WORK INSTRUCTION: Every entry below should appear in the answer exactly as written, apart from the pictures.

╭─ DATA TO PROCESS

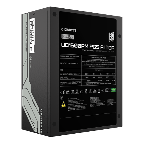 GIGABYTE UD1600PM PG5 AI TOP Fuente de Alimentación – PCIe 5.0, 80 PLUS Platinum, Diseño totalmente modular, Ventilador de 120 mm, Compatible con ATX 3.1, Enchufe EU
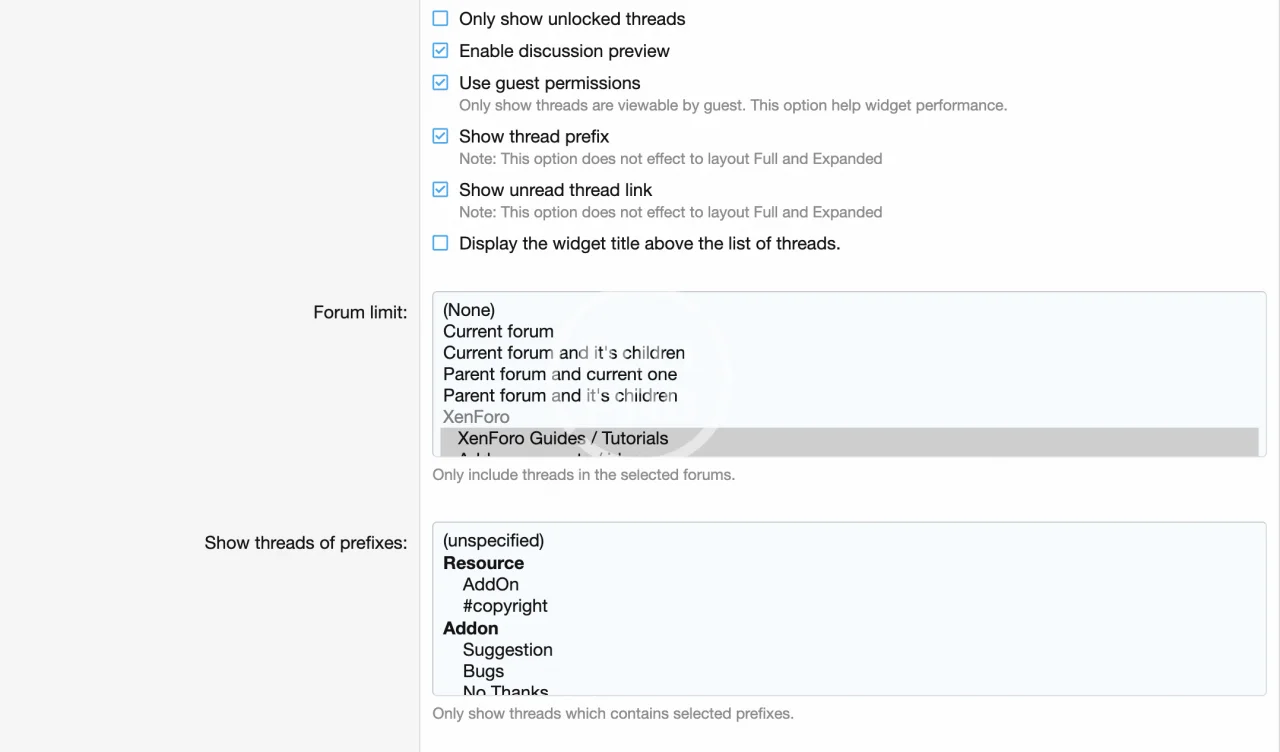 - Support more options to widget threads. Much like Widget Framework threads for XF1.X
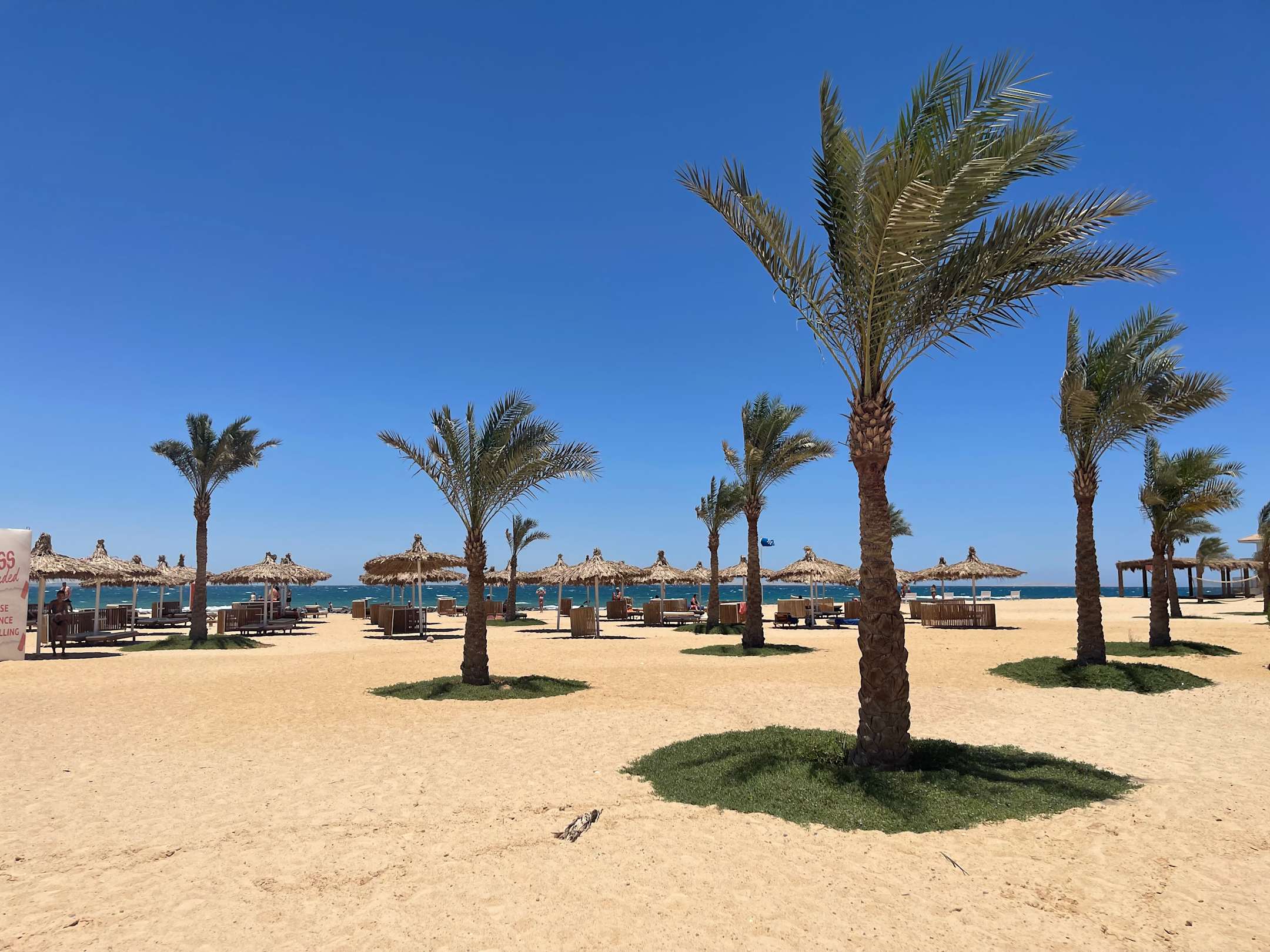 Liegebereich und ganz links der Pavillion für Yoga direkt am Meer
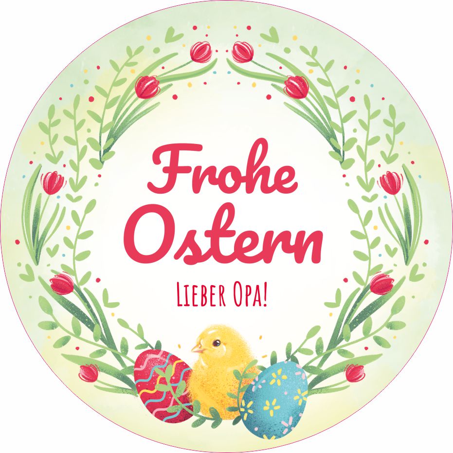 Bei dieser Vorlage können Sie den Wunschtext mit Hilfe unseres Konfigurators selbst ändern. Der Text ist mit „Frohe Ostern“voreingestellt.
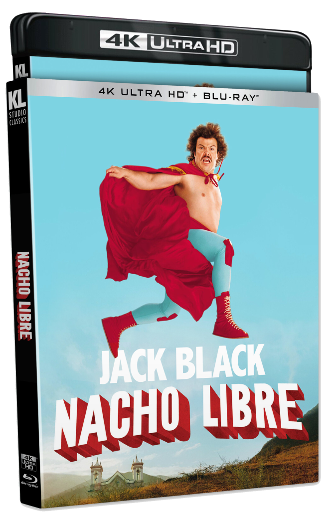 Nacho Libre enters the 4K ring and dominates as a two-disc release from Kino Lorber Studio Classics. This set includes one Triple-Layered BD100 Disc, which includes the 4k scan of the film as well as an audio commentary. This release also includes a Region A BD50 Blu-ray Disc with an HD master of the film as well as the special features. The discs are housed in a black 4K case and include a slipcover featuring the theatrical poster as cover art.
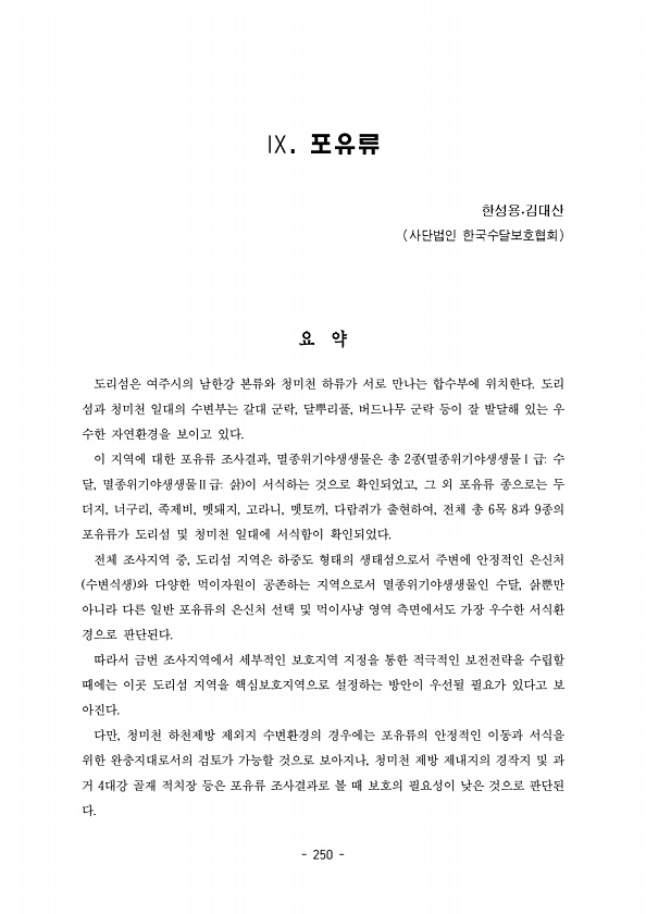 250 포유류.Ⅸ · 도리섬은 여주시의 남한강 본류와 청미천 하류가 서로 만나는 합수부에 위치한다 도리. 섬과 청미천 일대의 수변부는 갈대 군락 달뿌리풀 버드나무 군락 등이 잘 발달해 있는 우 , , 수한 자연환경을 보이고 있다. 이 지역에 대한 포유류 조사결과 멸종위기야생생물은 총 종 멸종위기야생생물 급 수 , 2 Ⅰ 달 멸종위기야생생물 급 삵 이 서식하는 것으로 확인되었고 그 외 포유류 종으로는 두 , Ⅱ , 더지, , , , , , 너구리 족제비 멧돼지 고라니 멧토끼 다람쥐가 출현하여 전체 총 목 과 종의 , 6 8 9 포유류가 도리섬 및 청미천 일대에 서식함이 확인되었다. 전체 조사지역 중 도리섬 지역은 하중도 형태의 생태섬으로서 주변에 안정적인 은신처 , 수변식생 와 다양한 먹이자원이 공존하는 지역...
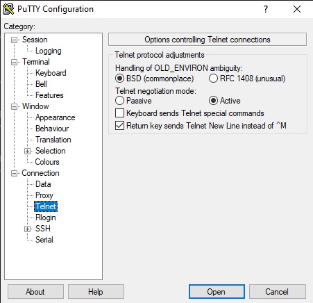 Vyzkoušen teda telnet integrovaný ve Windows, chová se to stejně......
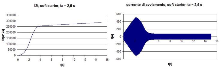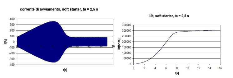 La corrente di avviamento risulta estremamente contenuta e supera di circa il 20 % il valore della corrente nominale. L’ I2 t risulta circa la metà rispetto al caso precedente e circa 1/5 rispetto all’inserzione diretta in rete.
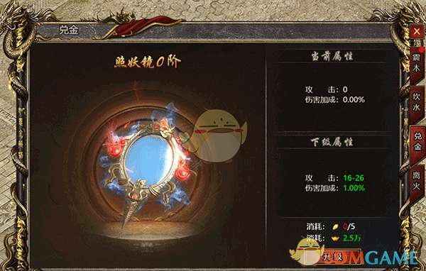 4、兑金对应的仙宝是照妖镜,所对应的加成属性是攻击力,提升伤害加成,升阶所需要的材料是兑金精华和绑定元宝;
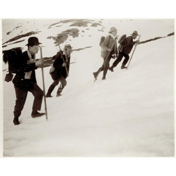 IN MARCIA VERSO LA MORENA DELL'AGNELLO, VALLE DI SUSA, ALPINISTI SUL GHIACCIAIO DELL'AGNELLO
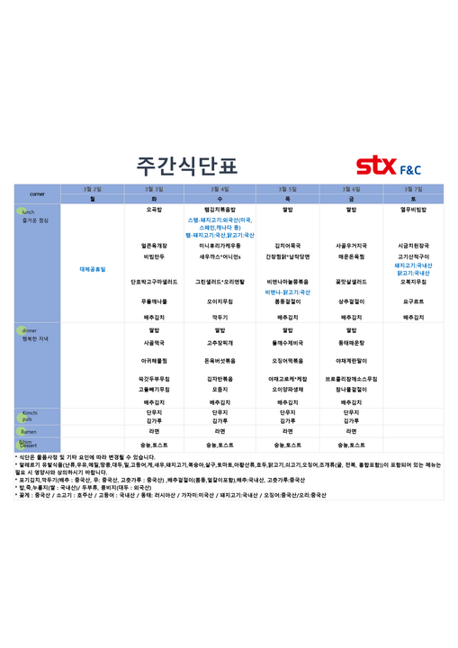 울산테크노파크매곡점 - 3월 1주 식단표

╰─

YOUR RESPONSE:
 GIGABYTE UD1600PM PG5 AI TOP Fuente de Alimentación – PCIe 5.0, 80 PLUS Platinum, Diseño totalmente modular, Ventilador de 120 mm, Compatible con ATX 3.1, Enchufe EU
 - Support more options to widget threads. Much like Widget Framework threads for XF1.X
 Liegebereich und ganz links der Pavillion für Yoga direkt am Meer
 Bei dieser Vorlage können Sie den Wunschtext mit Hilfe unseres Konfigurators selbst ändern. Der Text ist mit „Frohe Ostern“voreingestellt.
 Nacho Libre enters the 4K ring and dominates as a two-disc release from Kino Lorber Studio Classics. This set includes one Triple-Layered BD100 Disc, which includes the 4k scan of the film as well as an audio commentary. This release also includes a Region A BD50 Blu-ray Disc with an HD master of the film as well as the special features. The discs are housed in a black 4K case and include a slipcover featuring the theatrical poster as cover art.
 250 포유류.Ⅸ · 도리섬은 여주시의 남한강 본류와 청미천 하류가 서로 만나는 합수부에 위치한다 도리. 섬과 청미천 일대의 수변부는 갈대 군락 달뿌리풀 버드나무 군락 등이 잘 발달해 있는 우 , , 수한 자연환경을 보이고 있다. 이 지역에 대한 포유류 조사결과 멸종위기야생생물은 총 종 멸종위기야생생물 급 수 , 2 Ⅰ 달 멸종위기야생생물 급 삵 이 서식하는 것으로 확인되었고 그 외 포유류 종으로는 두 , Ⅱ , 더지, , , , , , 너구리 족제비 멧돼지 고라니 멧토끼 다람쥐가 출현하여 전체 총 목 과 종의 , 6 8 9 포유류가 도리섬 및 청미천 일대에 서식함이 확인되었다. 전체 조사지역 중 도리섬 지역은 하중도 형태의 생태섬으로서 주변에 안정적인 은신처 , 수변식생 와 다양한 먹이자원이 공존하는 지역...
 Vyzkoušen teda telnet integrovaný ve Windows, chová se to stejně......
 La corrente di avviamento risulta estremamente contenuta e supera di circa il 20 % il valore della corrente nominale. L’ I2 t risulta circa la metà rispetto al caso precedente e circa 1/5 rispetto all’inserzione diretta in rete.
 4、兑金对应的仙宝是照妖镜,所对应的加成属性是攻击力,提升伤害加成,升阶所需要的材料是兑金精华和绑定元宝;
 IN MARCIA VERSO LA MORENA DELL'AGNELLO, VALLE DI SUSA, ALPINISTI SUL GHIACCIAIO DELL'AGNELLO
 울산테크노파크매곡점 - 3월 1주 식단표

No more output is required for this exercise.